### Prompt
Each line of the data below between the one containing "A cute brown" and the one containing "Grab-A-Card® outdoor business", both included, is to be repeated exactly. Please omit pictures.

### Data shown
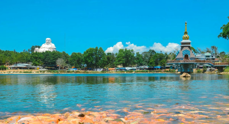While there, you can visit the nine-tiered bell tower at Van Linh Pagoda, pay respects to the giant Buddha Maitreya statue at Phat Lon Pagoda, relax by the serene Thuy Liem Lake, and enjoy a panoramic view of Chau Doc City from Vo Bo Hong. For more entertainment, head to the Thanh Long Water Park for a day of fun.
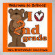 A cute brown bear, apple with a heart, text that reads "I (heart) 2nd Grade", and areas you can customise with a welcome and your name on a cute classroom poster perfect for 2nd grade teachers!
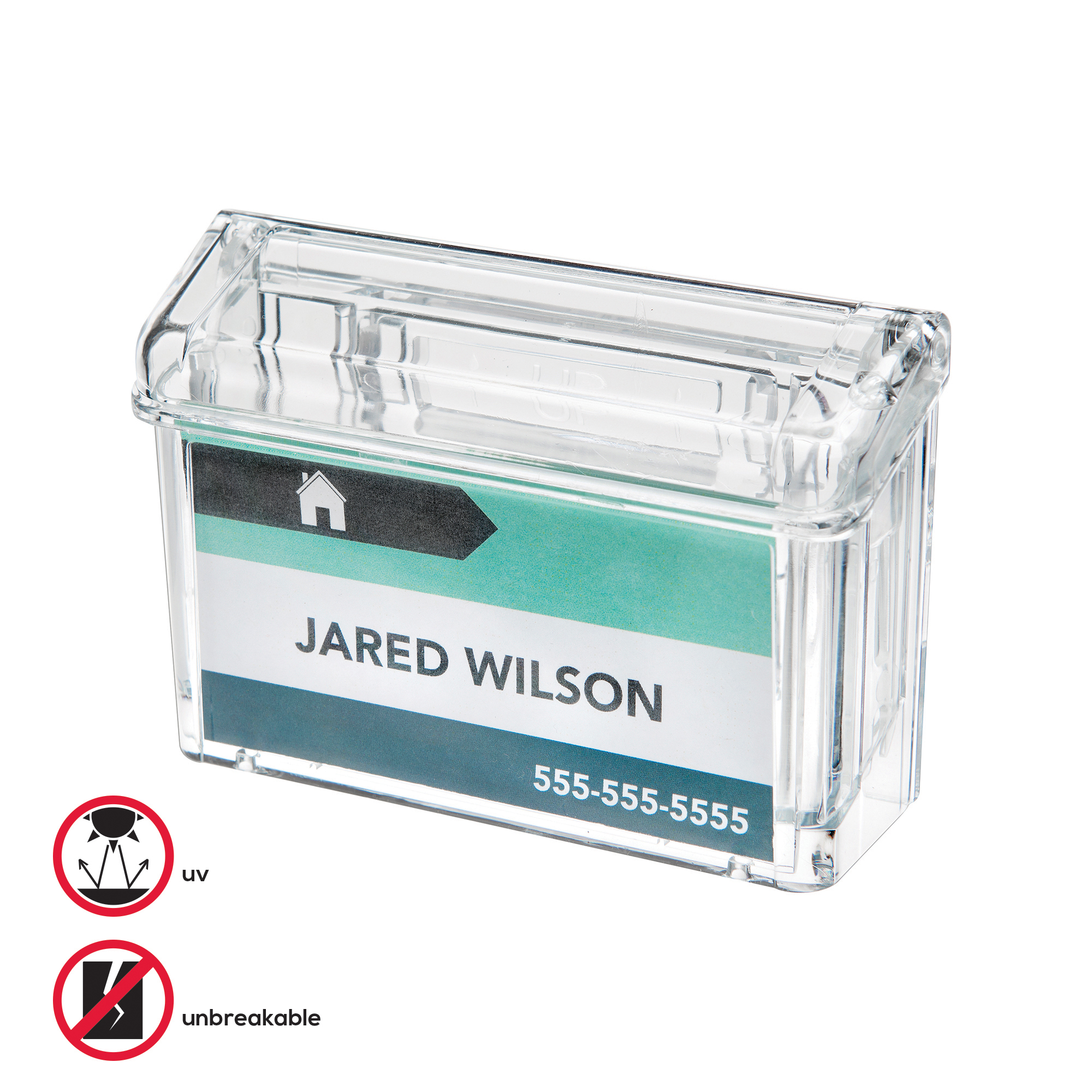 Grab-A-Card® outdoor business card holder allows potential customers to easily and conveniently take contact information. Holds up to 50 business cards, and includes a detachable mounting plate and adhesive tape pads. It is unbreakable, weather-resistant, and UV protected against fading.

---

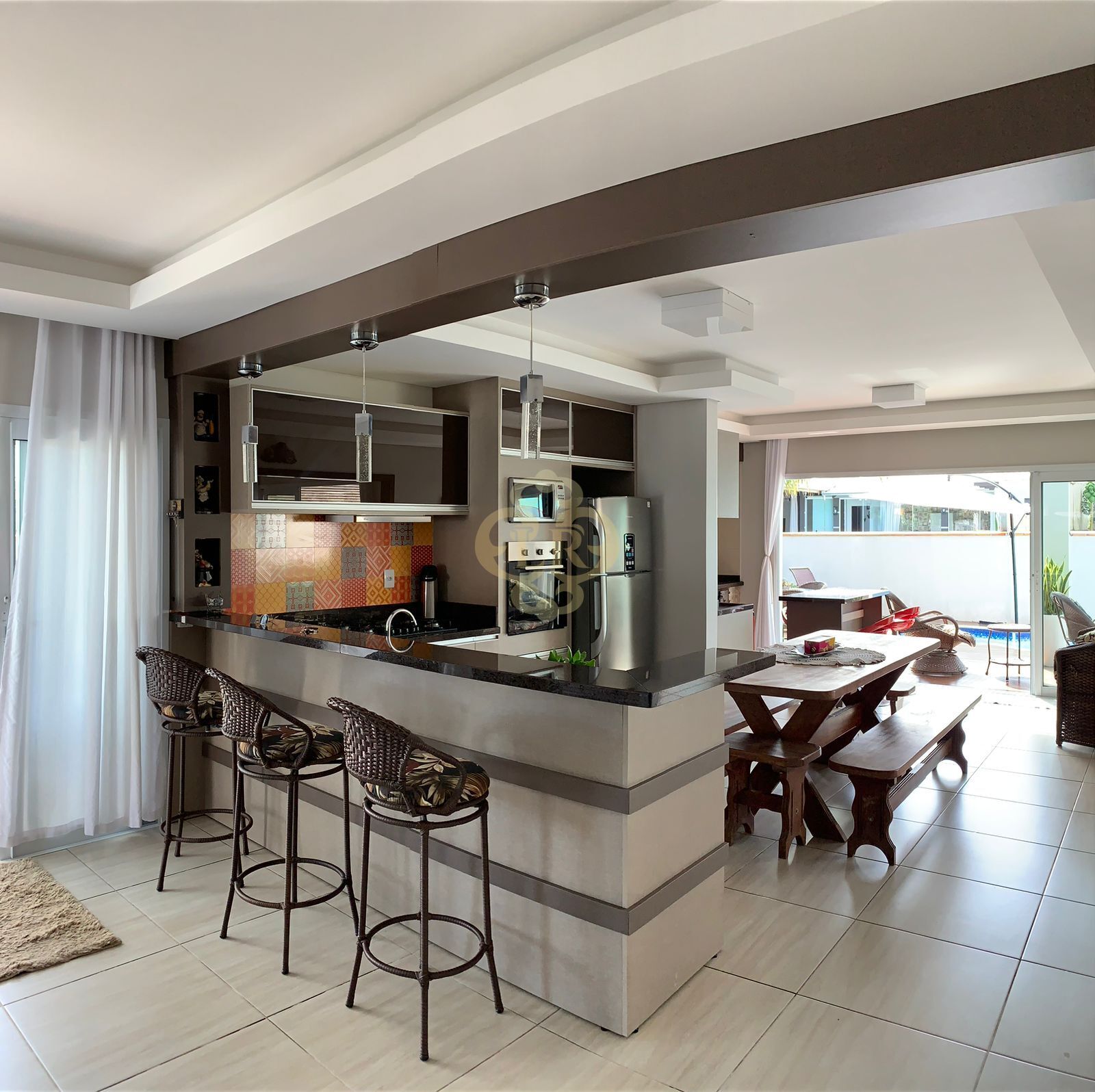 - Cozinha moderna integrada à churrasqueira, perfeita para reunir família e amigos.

### Answer to this exercise
 A cute brown bear, apple with a heart, text that reads "I (heart) 2nd Grade", and areas you can customise with a welcome and your name on a cute classroom poster perfect for 2nd grade teachers!
 Grab-A-Card® outdoor business card holder allows potential customers to easily and conveniently take contact information. Holds up to 50 business cards, and includes a detachable mounting plate and adhesive tape pads. It is unbreakable, weather-resistant, and UV protected against fading.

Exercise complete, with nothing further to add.